Gen Physiol Biophys. 1990 Jun;9(3):281-90.
Changes in extracellular Ca2+ concentration ([Ca2+]) were observed to affect 32Pi incorporation into polyphosphoinositides (PPI) and phosphatidic acid (PA) of human erythrocytes. A decrease of extracellular [Ca2+] from 1.5 mmol/l to 0.04 mumol/l increased the specific radioactivity (S.A.) of phosphatidylinositol 4,5-bisphosphate to 182% and that of phosphatidylinositol 4-phosphate to 120% of controls. Simultaneously S.A. and concentration of PA decreased. Further decrease of the extracellular [Ca2+] from 0.04 mumol/l to lower values as well as depletion of intracellular Ca2+ using ionophore A 23187 in Ca2(+)-free medium did not accelerate the PPI turnover rates any more. None of the above changes in extracellular [Ca2+] had any effect on the phosphorylation pattern of erythrocyte membrane proteins. Isolated erythrocyte membranes were incubated in the presence of [gamma-32P]ATP in media with various [Ca2+]. The decrease of [Ca2+] from 0.04 mumol/l (physiological concentration inside the cell) to lower values did not influence the turnover of PPI and PA monoester phosphates. Only after [Ca2+] was increased to 1-5 mumol/l an increase of PPI and PA turnover was observed. Our data suggest that the changes in extracellular [Ca2+] affect the metabolism of PPI and PA (despite the intracellular location of the latter) and may thus influence the properties of red cell plasma membrane.

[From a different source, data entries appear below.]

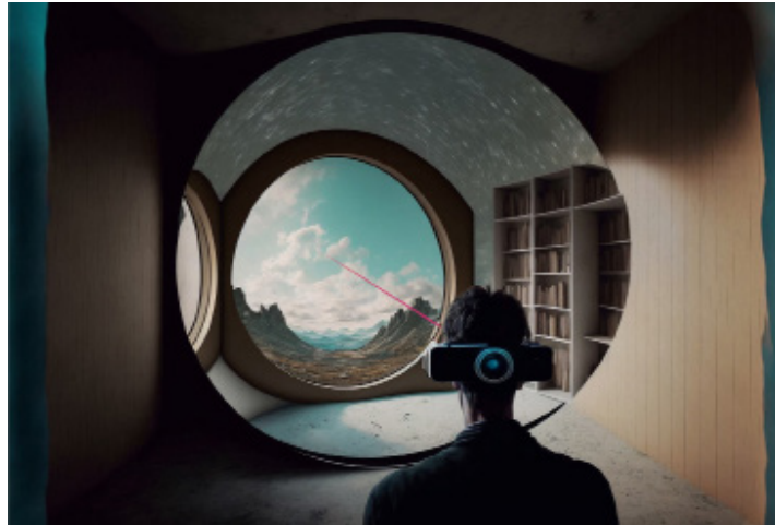
Figure 6 Coloured Tendrils

Thus, in the context of eye-tracking, if future empirical studies could design, test, and apply FBA to increase awareness of eye-tracking, it could be an effective application of visceral notice. Regardless of the specific design feature, the goal is to stimulate lasting psychological responses to communicate to users that they are being monitored and tracked.
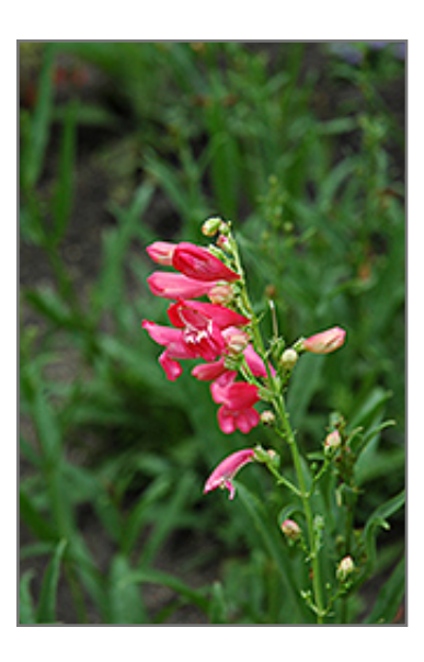
Lilliput Rose Beard Tongue flowers

Lilliput Rose Beard Tongue has masses of beautiful spikes of rose tubular flowers with white throats rising above the foliage from early to late summer, which are most effective when planted in groupings. The flowers are excellent for cutting. Its narrow leaves remain green in colour throughout the season.
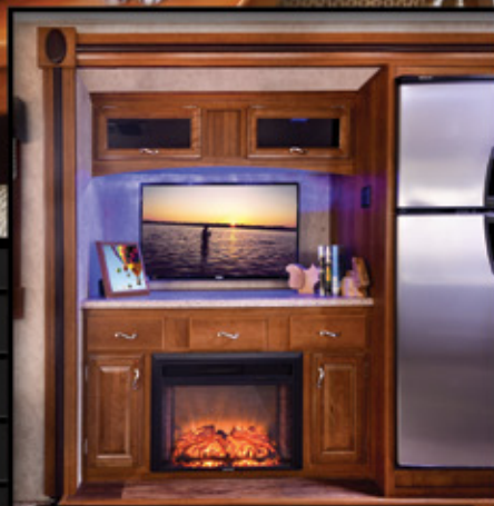
• 324RST Entertainment Center

LUXURY TO THE MAX With LaCrosse, this is more than just a catchy phrase found inside a brochure – it's the strategy that guides us every day as we strive to create the perfect Recreational Vehicle. A simple example of this strategy is LaCrosse's 82" sidewall height. Your senses will tell you that the extra headroom "feels" great. Then you notice that the kitchen cabinets are huge, vented windows are 20% larger – very nice, indeed. Finally, as you settle into the Residential Furniture, you will appreciate that LaCrosse has extra tall, very spacious slide-outs. Luxury To The Max. It's our strategy to MAXimize your enjoyment.
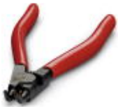
Removal tool for HC-M-EMV contact carriers

Removal tool - HC-M-EMV-KON-EWZ - 1678635
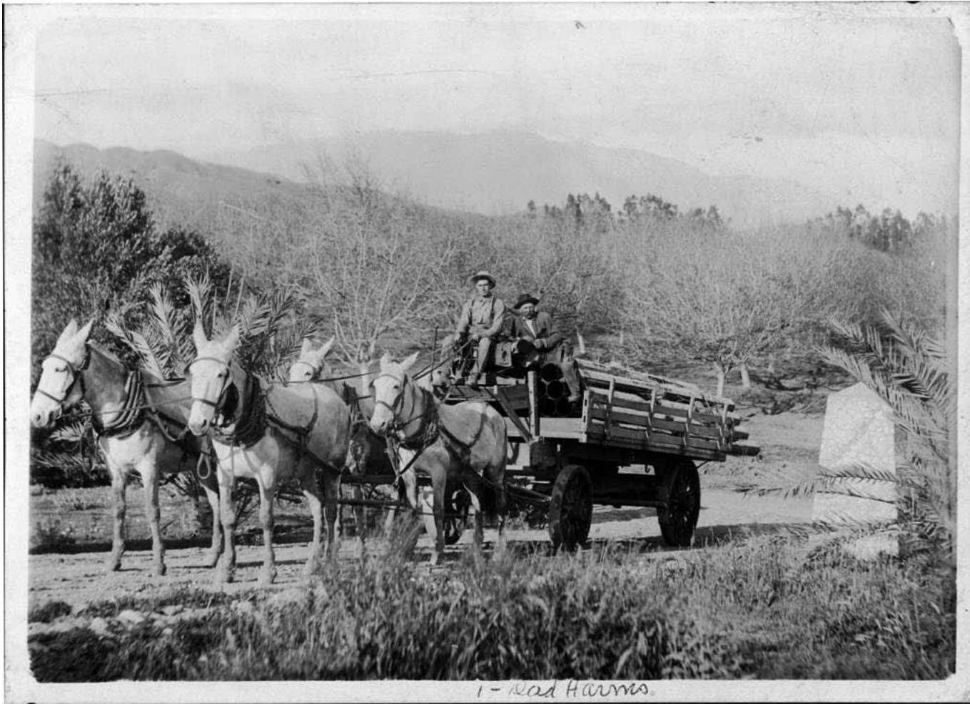
1 - road Harris

Prior to widespread truck utilization, mules were used on the ranch to transport products to the trains for further distribution to far away markets. Limoneira has a large collection of historical photos for visitors to view.
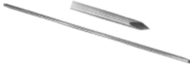
Kirschner Wire With Trocar Tip (Double Ended)
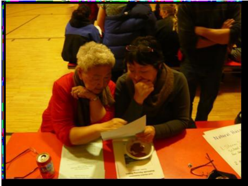
Shaktoolik Elder's input
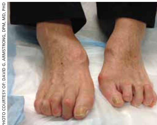
FIGURE 4 Claw toe
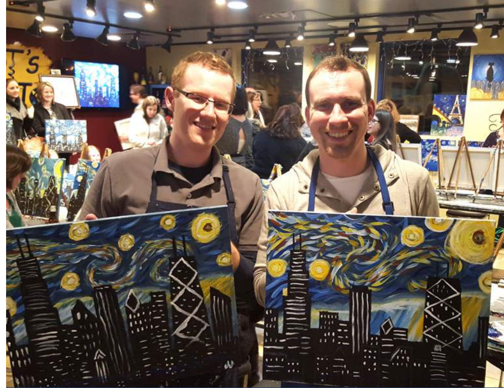
SHOWING OUR ARTISTIC SIDE

据观察,细胞外钙离子浓度([Ca2+])的变化会影响32Pi掺入人红细胞的多磷酸肌醇(PPI)和磷脂酸(PA)中。细胞外[Ca2+]从1.5 mmol/l降至0.04 μmol/l,使磷脂酰肌醇4,5-二磷酸的比放射性(S.A.)增加至对照的182%,磷脂酰肌醇4-磷酸的比放射性增加至对照的120%。同时,PA的S.A.和浓度降低。细胞外[Ca2+]从0.04 μmol/l进一步降至更低值,以及在无Ca2+的培养基中使用离子载体A 23187耗尽细胞内Ca2+,均不再加速PPI的周转率。上述细胞外[Ca2+]的任何变化对红细胞膜蛋白的磷酸化模式均无影响。将分离的红细胞膜在含有[γ-32P]ATP且[Ca2+]不同的培养基中孵育。[Ca2+]从0.04 μmol/l(细胞内生理浓度)降至更低值,并不影响PPI和PA单酯磷酸的周转率。只有当[Ca2+]增加至1 - 5 μmol/l时,才观察到PPI和PA周转率增加。我们的数据表明,细胞外[Ca2+]的变化会影响PPI和PA的代谢(尽管PA位于细胞内),从而可能影响红细胞质膜的特性。